Monday, April 15, 2024

Eleven Years On

I'm reprising something I wrote years ago on this date because there was nothing else to write but the words of the next paragraphs. And here we are another year on, and no sense still makes no sense and good and decent people still have holes in their hearts where their loved ones used to be.

Today is Patriots' Day in Massachusetts and also the traditional running of the Boston Marathon.

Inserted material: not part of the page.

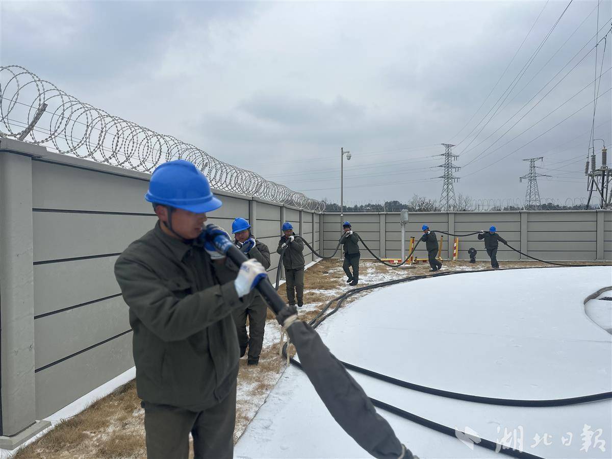 湖北日报讯 (通讯员徐扬)“融冰车已抵达现场,设备调试完毕,随时可以开始融冰!”2月23日,在武汉黄陂110千伏杨柳湾变电站内,国网武汉市黄陂区供电公司工作人员韩晓洲正开展110千伏柳电线直流融冰工作,消除输电线路覆冰、舞动隐患。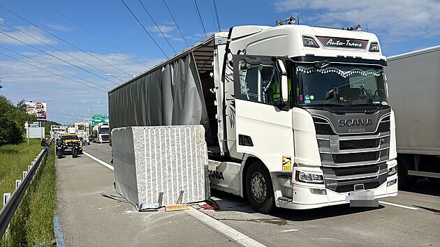 Na Pražském okruhu se tvoří kolona po pádu žulového kvádru z kamionu. (23. května 2025)

That order of precedence, if you will, was altered and changed forever because of circumstances officially recalled in this news account on the first anniversary of a day that we all now recall.

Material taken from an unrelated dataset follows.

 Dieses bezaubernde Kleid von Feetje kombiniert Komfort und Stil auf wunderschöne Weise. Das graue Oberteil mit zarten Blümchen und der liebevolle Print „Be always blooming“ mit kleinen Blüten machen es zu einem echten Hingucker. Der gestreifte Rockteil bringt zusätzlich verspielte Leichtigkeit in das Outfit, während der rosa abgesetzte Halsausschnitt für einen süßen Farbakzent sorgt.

In 2013 at the Boston Marathon, Dzokhar and Tamerlan Tsarnaev two evil, ungrateful bastards whom we took in and who repaid that kindness by killing innocents, broke hearts, destroyed lives, and shattered our national illusion of insularity and insulation from the other horrors of the rest of the world and altered forever anyone's memories and imaginings of the Boston Marathon.

Both brothers will long fade from memory before what they did is forgotten, but better remembered, and hopefully always remembered, is what they failed to do. Just ask Jeff Baumann, who gets stronger every day and whom I fervently hope gets angry and powerful enough someday to kick Dzorkhar's ass all the way to Boston Harbor and then hold him under until the bubbles stop.

I understand being an angry old man will get me nothing but an even more premature grave and I should take my cue from those who not only survived but triumphed over the tragedy of that day. Perhaps I shall, but it will not be today.


I have a Facebook friend, a Fenway habitue and Grammy-nominee, who spent years on the Jersey Shore and has now followed the advice of Horace Greeley and gone west, Linda Chorney, who repurposed and molded her sorrow to create a beautiful celebration of a life taken terribly, suddenly and far too soon into a song perfectly suited for today and all those who are enjoying it.